В школе я познакомилась с Андреасом. Он, его мама и младший брат бежали из Венгрии. С приключениями. Эти долгие переходы, колонны беженцев и приемный лагерь. Андреас говорил со мной на венгерском, если вообще говорил. Но больше любил молчать. А еще больше – играть на скрипке. Я поражалась тому, какие звуки он извлекал из своего маленького инструмента. С какой решительностью он проводил смычком по струнам. Все его тело было натянуто, он был в этом весь. В Бартоке, и в Бахе, и… Вундеркинд? Иногда ему аккомпанировал на рояле его брат, тоже безумно одаренный. Словно пассажи, трели не составляли для него никакого труда, он обрабатывал клавиши ритмично и быстро. А ведь ему было всего шесть!

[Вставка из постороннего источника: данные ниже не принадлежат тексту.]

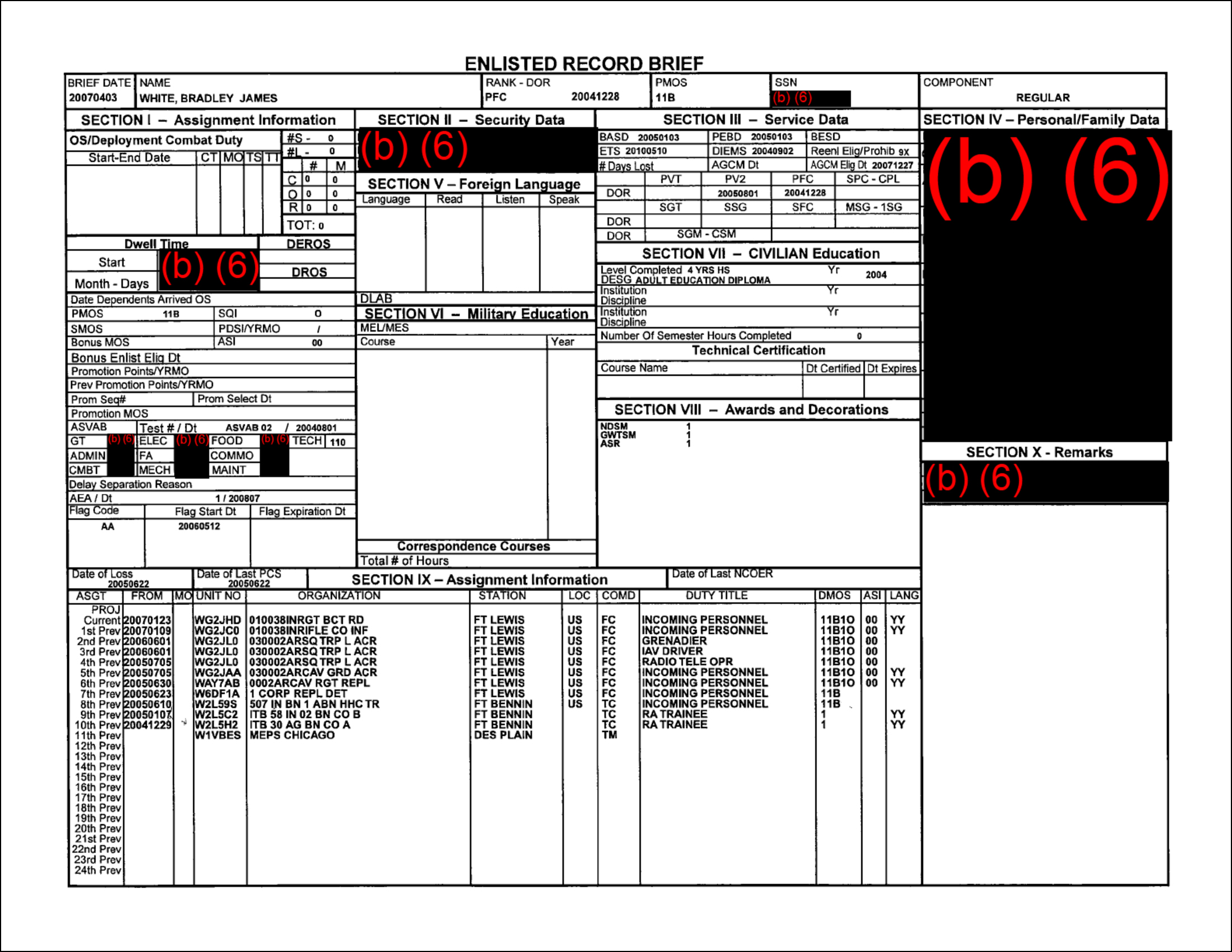 FOIA Result – HRC – Bradley White – DD-214FOIA Result – HRC – Bradley White – Assignments and Awards

Я часто ходила к братьям на Глориаштрассе, чтобы послушать, как они играют. Потому что их языком была музыка. Только в музыке они умели себя выражать. Может быть, в этом было их счастье.
Немецкий они выучили играючи, но рассказывать о себе ничего не хотели. Ни о том, откуда они приехали. Ни о бегстве. Вместо слов они выбирали звуки. С ними они отлично справлялись.
Я думала: страсть. И: какая самоотдача. Играя на фортепиано, я скорее исполняла долг, хоть и любила это. Хоть я и любила музыку, и она меня всегда притягивала. Андреас щекотал мое честолюбие. С ним я хотела играть, страстно, самозабвенно.
Но прежде чем мое желание сбылось, прошли годы. Андреас переехал, перешел в другую школу. Мы потеряли друг друга из виду. И вот однажды мы снова нашли друг друга. Как выяснилось, мы жили почти по соседству, на левом берегу Цюрихского озера.
Гимназии у нас были разные. С понедельника по пятницу мы жили врозь. Но вот суббота принадлежала нам, с утра до вечера, нам и музыке. Мы нарабатывали себе репертуар, который включал в себя скрипичные сонаты Моцарта, Бетховена, Брамса, Сезара Франка и многих других. Не обошлось и без Баха и Бартока. Еще раз такт 54. Больше ritardando. И вот здесь: сразу тихо! Чтобы заключительное crescendo стало настоящим crescendo. Играть вместе означало: вместе дышать. Мы учили вступления, учили быстрые пассажи, обговаривали детали. Но общее дыхание рождалось как-то по-другому. Словно само по себе. Оно несло нас.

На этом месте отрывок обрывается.